## Requirement
Word for word, restate each of the entries below, and drop every picture.

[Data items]
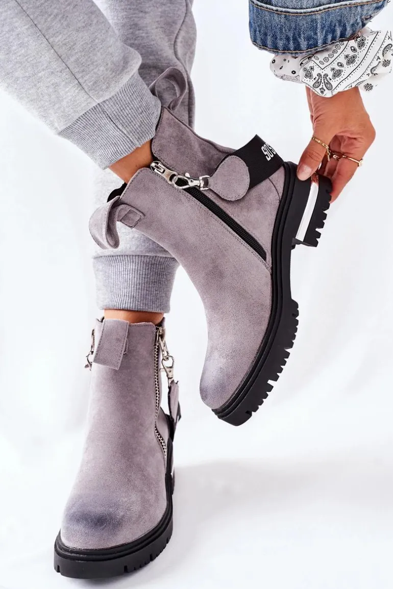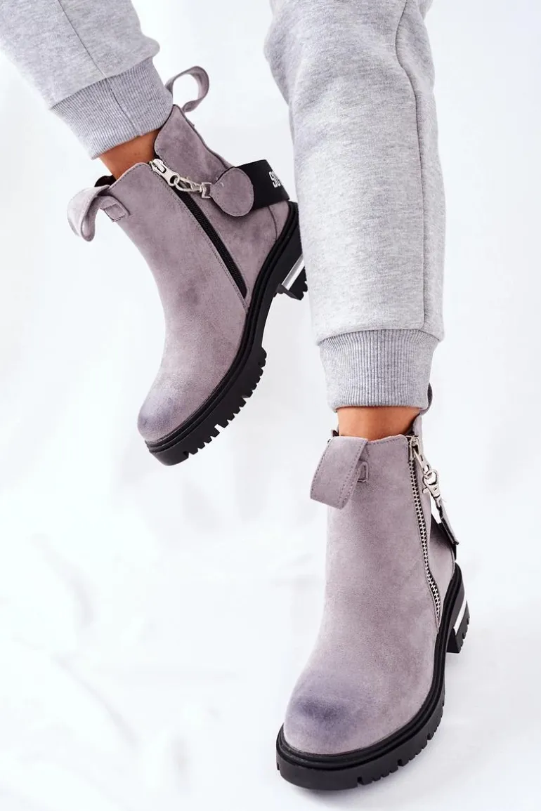 Botki damskie wykonane z eko zamszu. Wnętrze ocieplone jest miłym w dotyku kocem obuwniczym. Przy wyborze rozmiaru prosimy sugerować się tabelą rozmiarów.
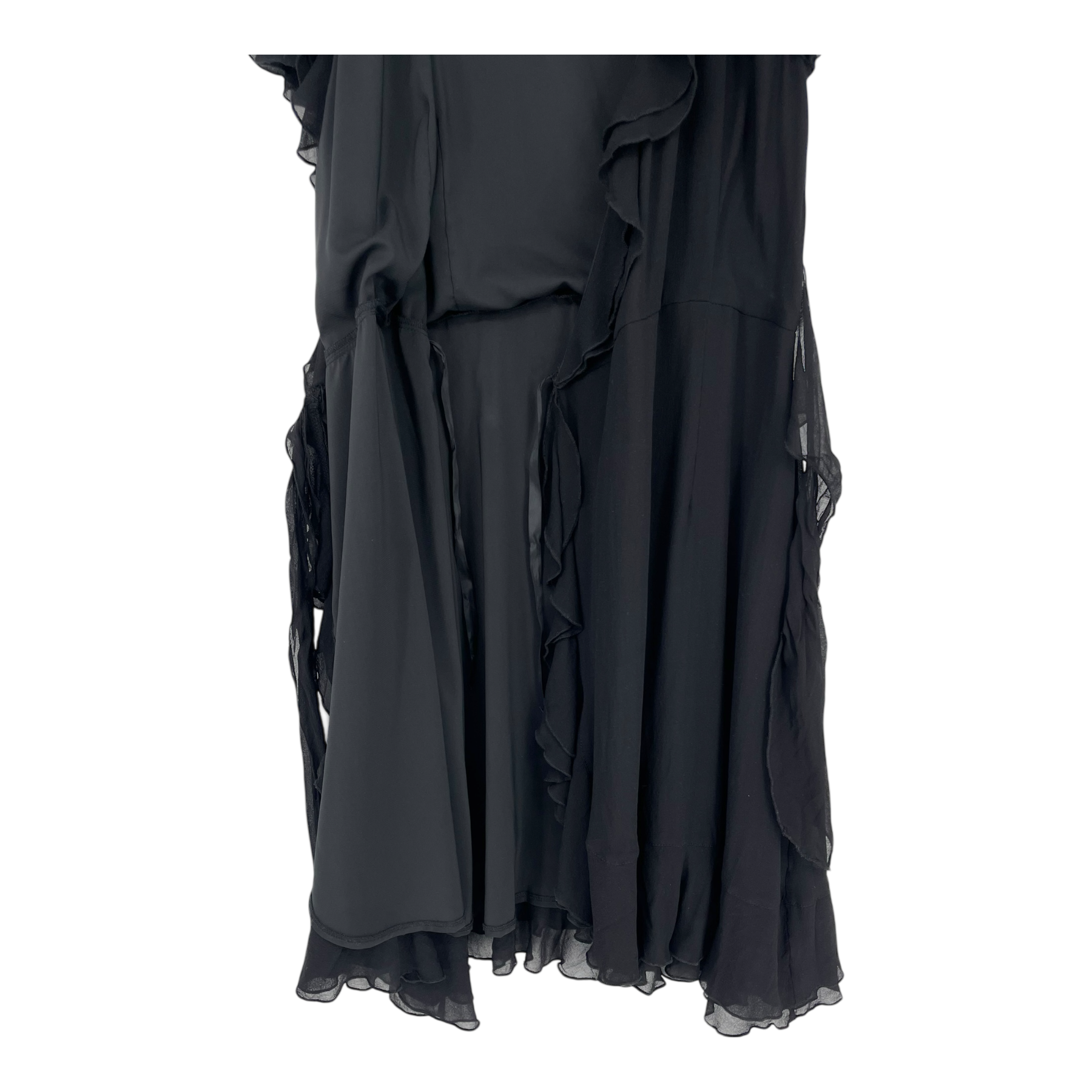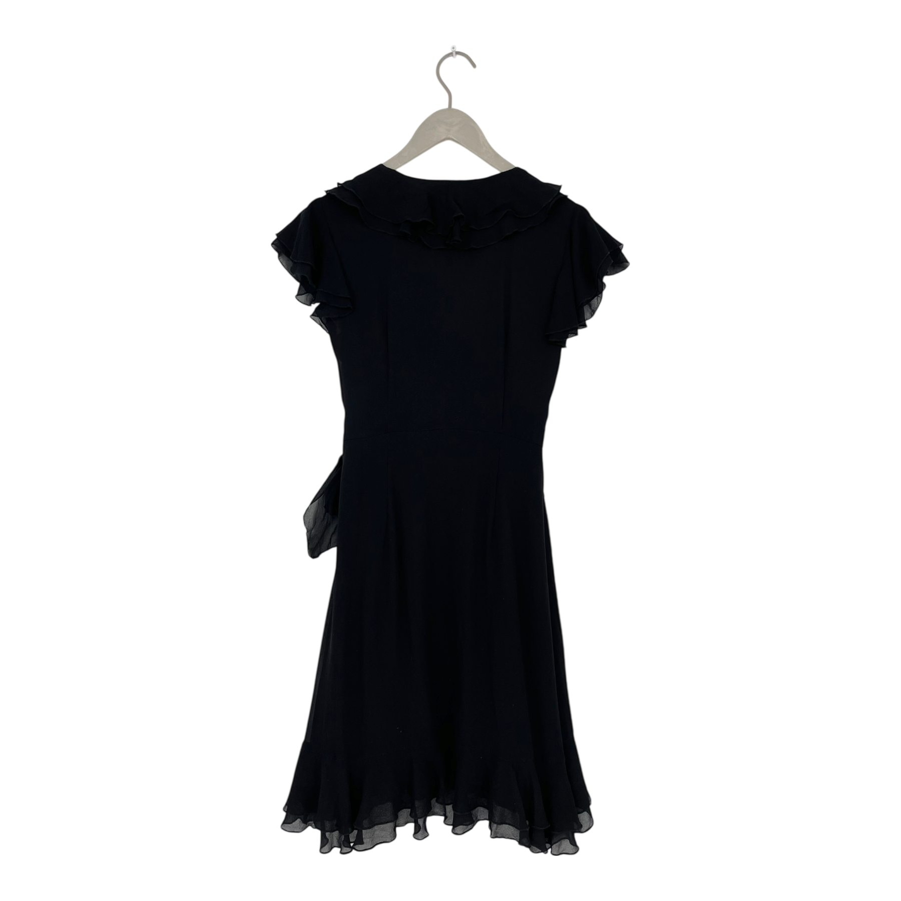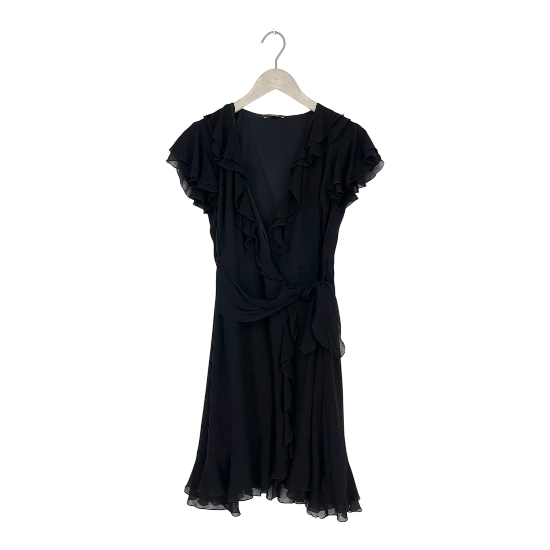 Andiata silk wrap dress with frills, knee length.
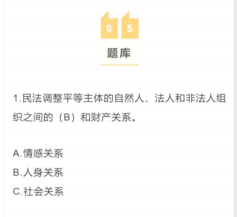 1.民法调整平等主体的自然人、法人和非法人组织之间的(B)和财产关系。
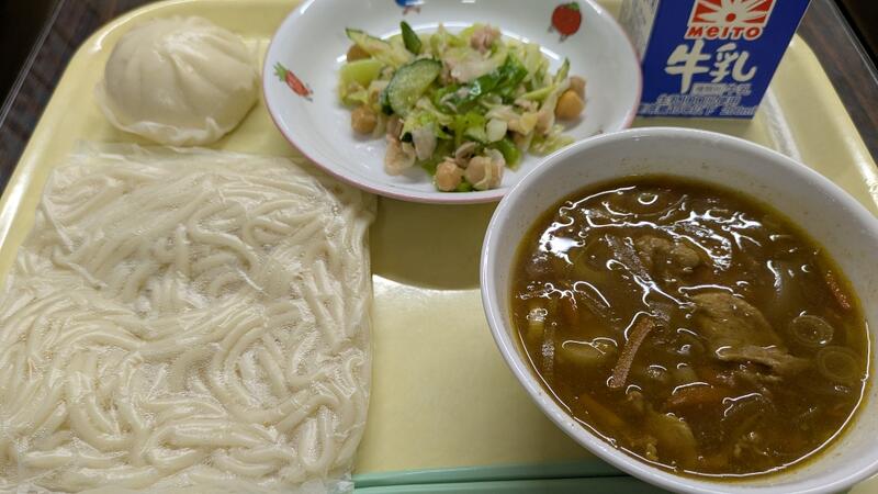 カレーうどん ひよこ豆のサラダ 肉まん 牛乳
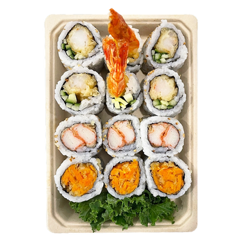 California (3pc), Spicy Salmon (3pc), Shrimp Tempura (3pc), Salmon Sushi (1pc), Tuna Sushi (1pc)
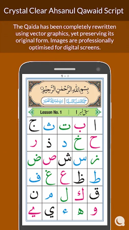 - Crystal Clear Ahsanul Qawaid Script has been completely rewritten using vector graphics, yet preserving its original classical form.
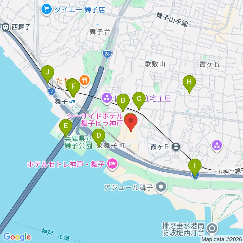 舞子ビラ神戸あじさいホール周辺のカフェ一覧地図
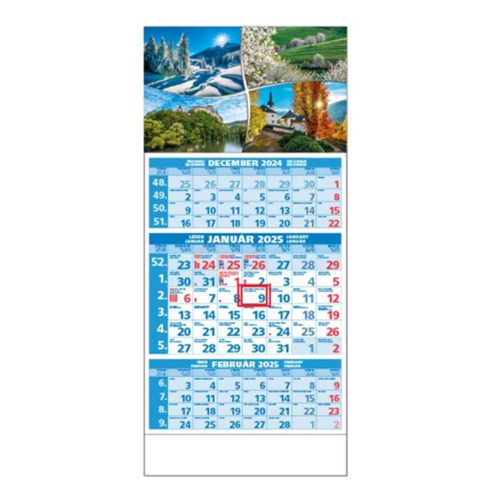 Plánovací kalendár s 3-mesačným kalendáriom s menami v SK + CZ, názvy mesiacov a dní v SK, CZ, EN, DE a HU
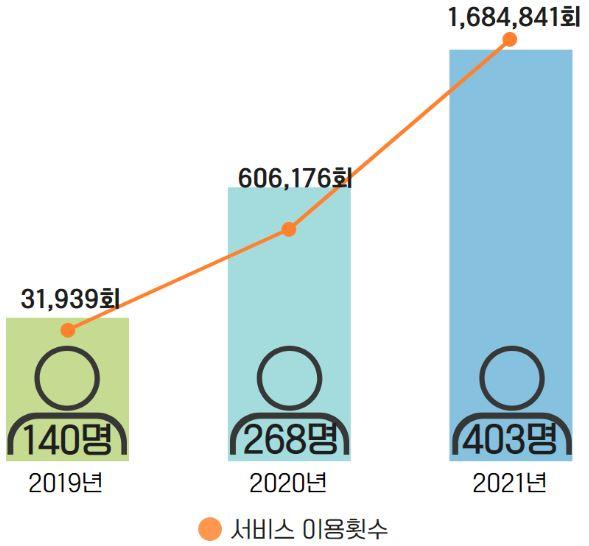 서비스 이용 추이 (자료=국민권익위원회)그 결과 매년 민원 빅데이터 신규 이용자와 서비스 이용 횟수는 점차 늘어나고 있다. 특히 2021년에는 403명의 개인 또는 기관에서 총 168만 4841회의 Open API 서비스를 이용한 것으로 나타났다.
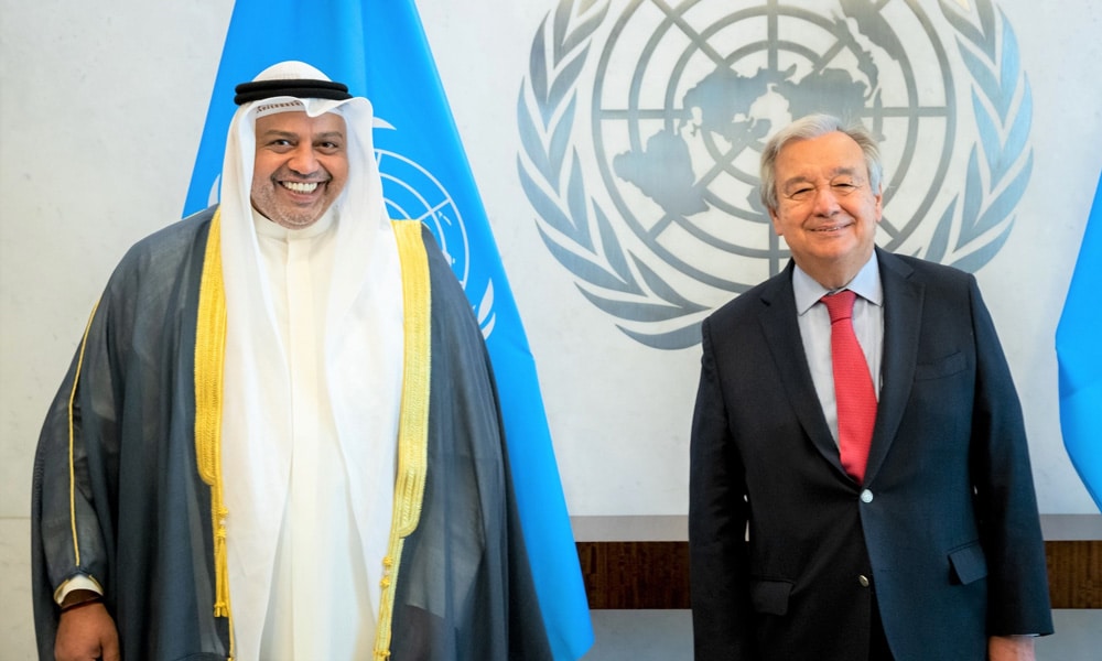 وجدد تأكيد التزام دولة الكويت بمواصلة جهودها الوطنية نحو تنفيذ أهداف التنمية المستدامة 2030 معربا عن حرص دولة الكويت على تعزيز وتعميق هذا التعاون مع الأمم المتحدة في المستقبل والبناء على ما تم تحقيقه من انجازات في إطار الشراكة الكويتية – الأممية خلال الستة عقود الماضية.
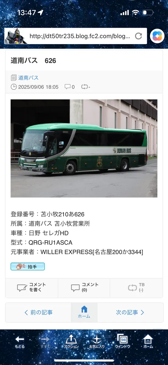バスのナンバーを検索したら、バスの経歴という事で名古屋のバス会社で使われていた車両の中古車とわかり驚きました‼️
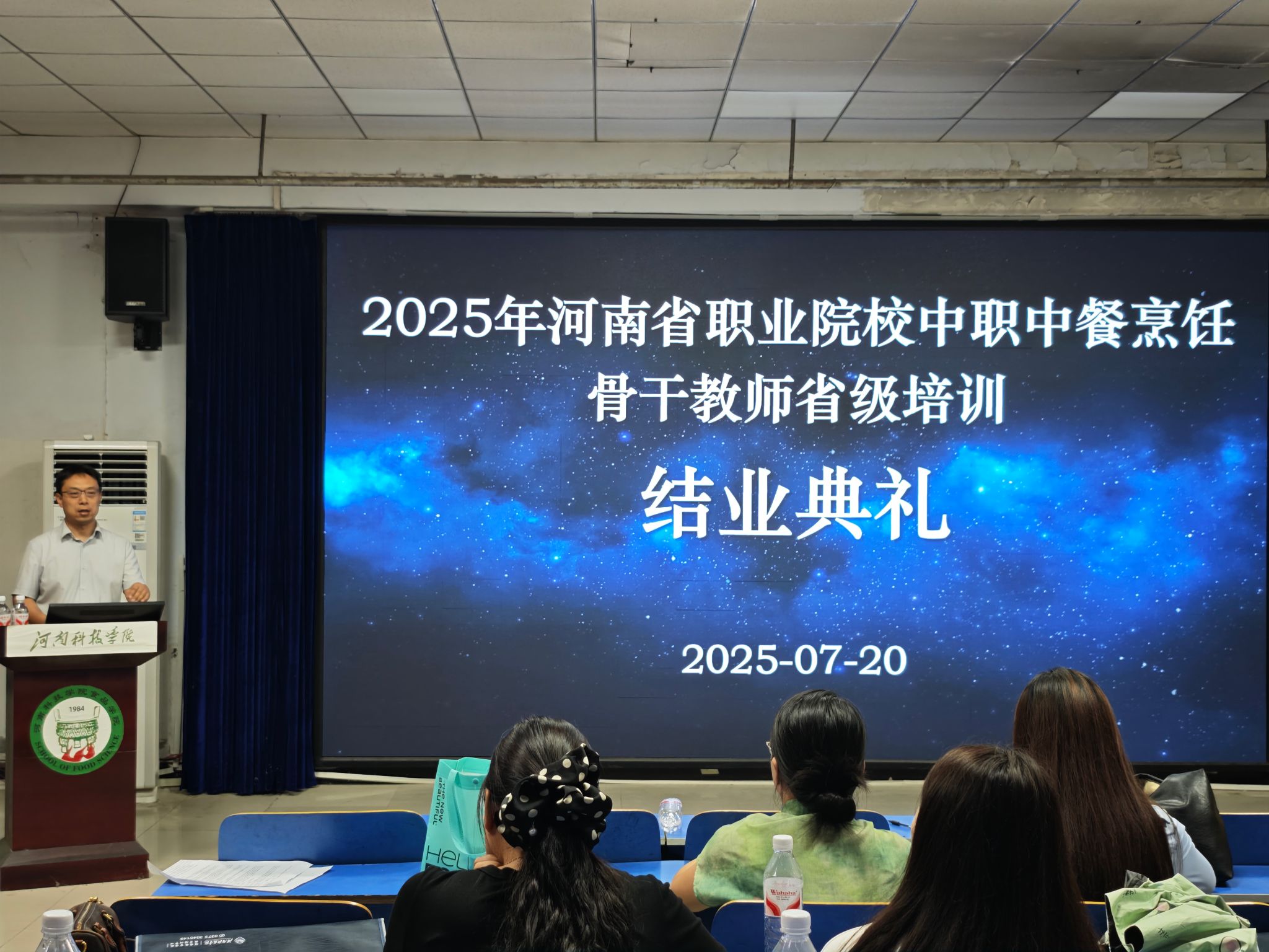 7月20日,食品学院在五合一教室隆重举行2025年河南省职业院校中餐烹饪骨干教师省级培训班结业仪式。我校成果转化与合作办公室副主任何鸿举、食品学院副院长张令文、冉军舰,培训班班主任毕继才、聂远洋及全体参训学员出席。仪式由毕继才主持。

## Exercise result
 Botki damskie wykonane z eko zamszu. Wnętrze ocieplone jest miłym w dotyku kocem obuwniczym. Przy wyborze rozmiaru prosimy sugerować się tabelą rozmiarów.
 Andiata silk wrap dress with frills, knee length.
 1.民法调整平等主体的自然人、法人和非法人组织之间的(B)和财产关系。
 カレーうどん ひよこ豆のサラダ 肉まん 牛乳
 California (3pc), Spicy Salmon (3pc), Shrimp Tempura (3pc), Salmon Sushi (1pc), Tuna Sushi (1pc)
 - Crystal Clear Ahsanul Qawaid Script has been completely rewritten using vector graphics, yet preserving its original classical form.
 舞子ビラ神戸あじさいホール周辺のカフェ一覧地図
 Plánovací kalendár s 3-mesačným kalendáriom s menami v SK + CZ, názvy mesiacov a dní v SK, CZ, EN, DE a HU
 서비스 이용 추이 (자료=국민권익위원회)그 결과 매년 민원 빅데이터 신규 이용자와 서비스 이용 횟수는 점차 늘어나고 있다. 특히 2021년에는 403명의 개인 또는 기관에서 총 168만 4841회의 Open API 서비스를 이용한 것으로 나타났다.
 وجدد تأكيد التزام دولة الكويت بمواصلة جهودها الوطنية نحو تنفيذ أهداف التنمية المستدامة 2030 معربا عن حرص دولة الكويت على تعزيز وتعميق هذا التعاون مع الأمم المتحدة في المستقبل والبناء على ما تم تحقيقه من انجازات في إطار الشراكة الكويتية – الأممية خلال الستة عقود الماضية.
バスのナンバーを検索したら、バスの経歴という事で名古屋のバス会社で使われていた車両の中古車とわかり驚きました‼️
 7月20日,食品学院在五合一教室隆重举行2025年河南省职业院校中餐烹饪骨干教师省级培训班结业仪式。我校成果转化与合作办公室副主任何鸿举、食品学院副院长张令文、冉军舰,培训班班主任毕继才、聂远洋及全体参训学员出席。仪式由毕继才主持。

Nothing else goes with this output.